I dug down to the byte level in the BKPRMSTR table.
At byte offset 0639 hex, the Birthdate is stored in the 4 byte Btrieve DATE format.
For you programming types, it is:
struct
{
Day : char;
Month : char;
Year : short; /* (16bit integer or Small Integer) */
}
Using the Pervasive Function Executor, I read these 4 bytes at offset 0x639:
0x15 0x07 0xEA 0x07
at offset 0x0639 for an employee that has a birthdate of 07/21/26 as shown on the PR-A screen.
Since Anything larger than char is stored '
little endian' (Thanks Intel), we need to switch the last two bytes so that we can convert the hex year to decimal:
0x15 0x07 0x07 0xEA
These 4 bytes convert as follows:
0x15 = 21 - Day
0x07 = 7 - Month
0x07EA = 2026 - Year
So, Pervasive has the ability to store from year -32767 to 32767 (signed 16bit Integer).

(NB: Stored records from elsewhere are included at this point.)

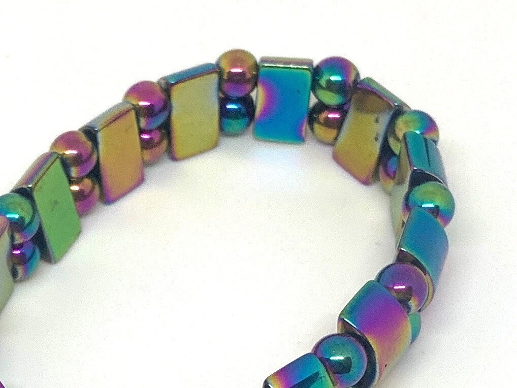 とてもカラフルなヘマタイト磁気ブレスレット レインボーカラーのご案内です。 磁気ヘマタイトは身に着ける人の血液にエネルギーを与えるとされています。 赤血球の働きを活性化し、全身への酸素供給量が高める事から、 運動能力を高める効果や肉体労働をされている方には特におすすめで 持久力を高めると言われています。(薬事効果を保証するものではありません) コーティングは ありますが、ヘマタイトは鉄分を含むため、汗や流水はお避け下さい。 汚れは乾いた柔らかい布で軽く落としてください。手首周囲 17.5センチまでの方に
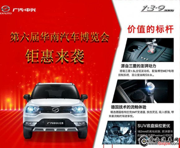 現(xiàn)場鑒賞最新款車型:廣汽大自主首款小型SUV——廣汽中興GX3;中興威虎TUV 2015款。其他各款車型也有各種力度不一的優(yōu)惠,現(xiàn)場可提供各種金融購車服務(wù),歡迎大家到車展現(xiàn)場33號廣汽中興展位或南寧駿鴻達(dá)安吉展廳咨詢!
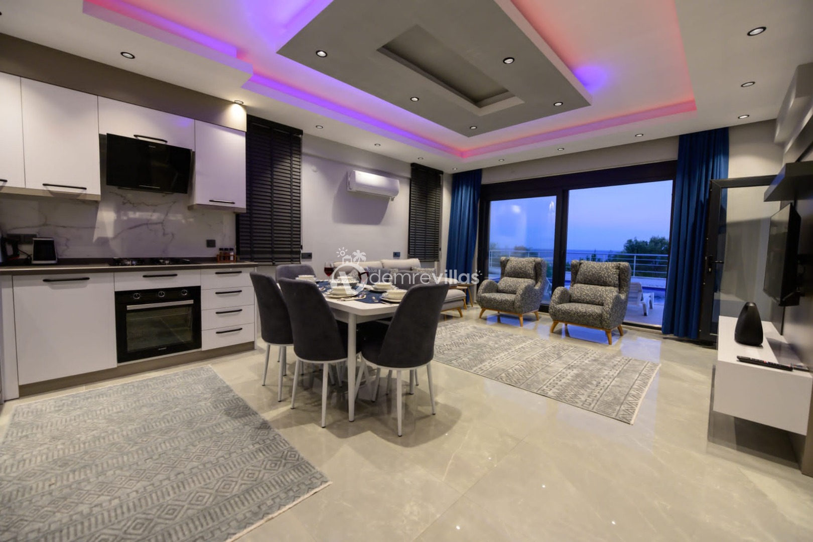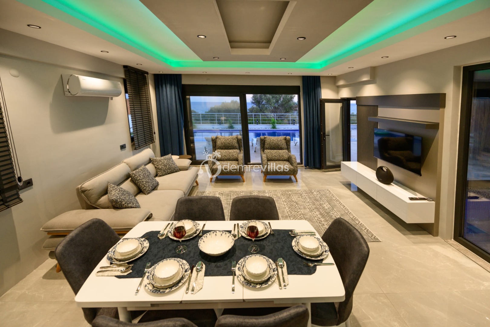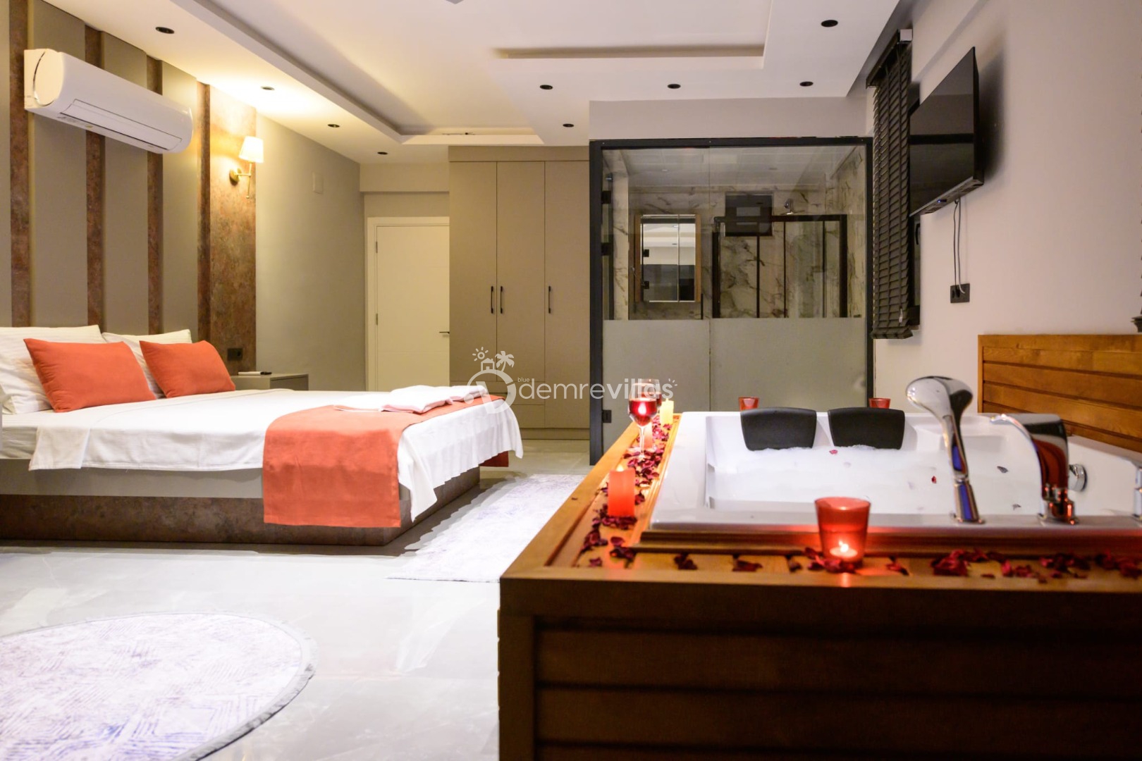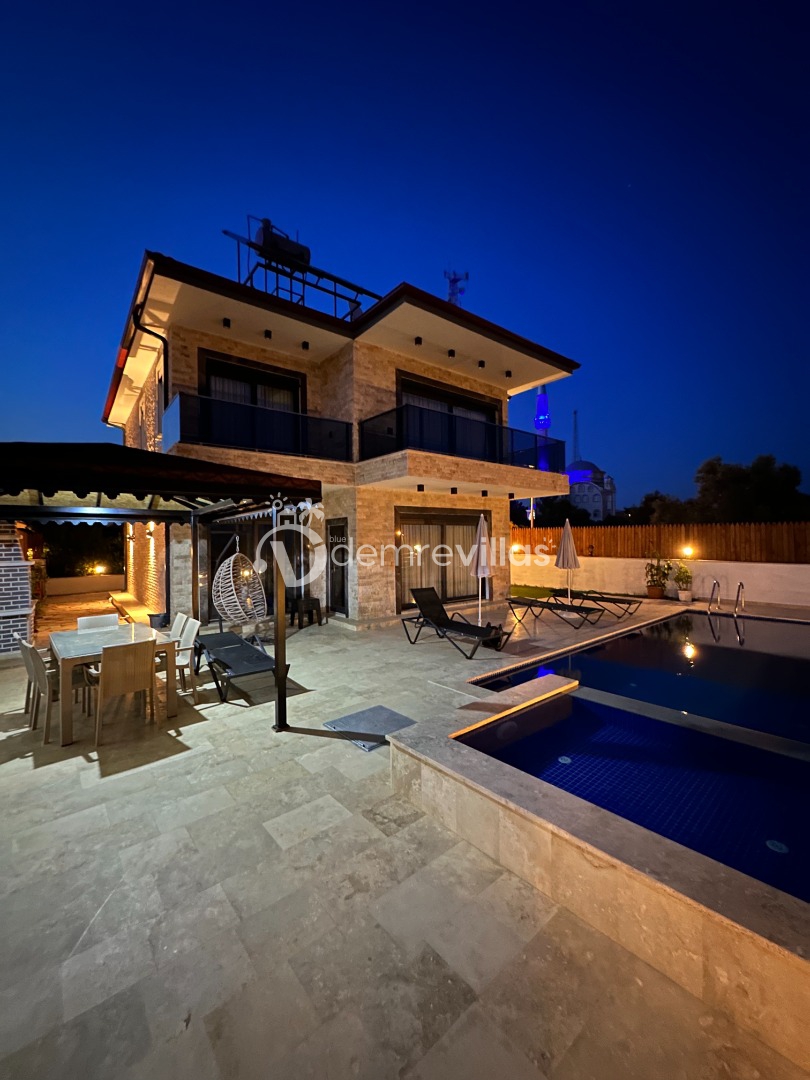Doğa ve Deniz manzaralı olan villamız Demre merkezden yaklaşık 2 km uzaklıktadır. 2 adet yatak odası bulunmakta olup 1 odasında jakuzi ve zemin katta kapalı havuzu ve saunası bulunmaktadır.Korunaklı havuzu ile balayı çiftleri ve muhafazakâr aileler için ideal bir villamızdır. Ayrıca villamızda çocuklu aileler için çocuk havuzu bulunmaktadır.

According to the Pervasive sqlref manual, section 'Pervasive.SQL Supported Data Types'
they support from year 0001 to year 9999.
What this means is that since the PR-A screen only allows us to enter a 2 digit year, either the PR-A application or TAS is deciding that '26' means '2026' and is storing that value into the Btrieve record.
The simple Crystal function shown above should always work for now, given this behavior.
So there you have it, everything you always didn't want to know about the Pervasive 4 byte DATE format!!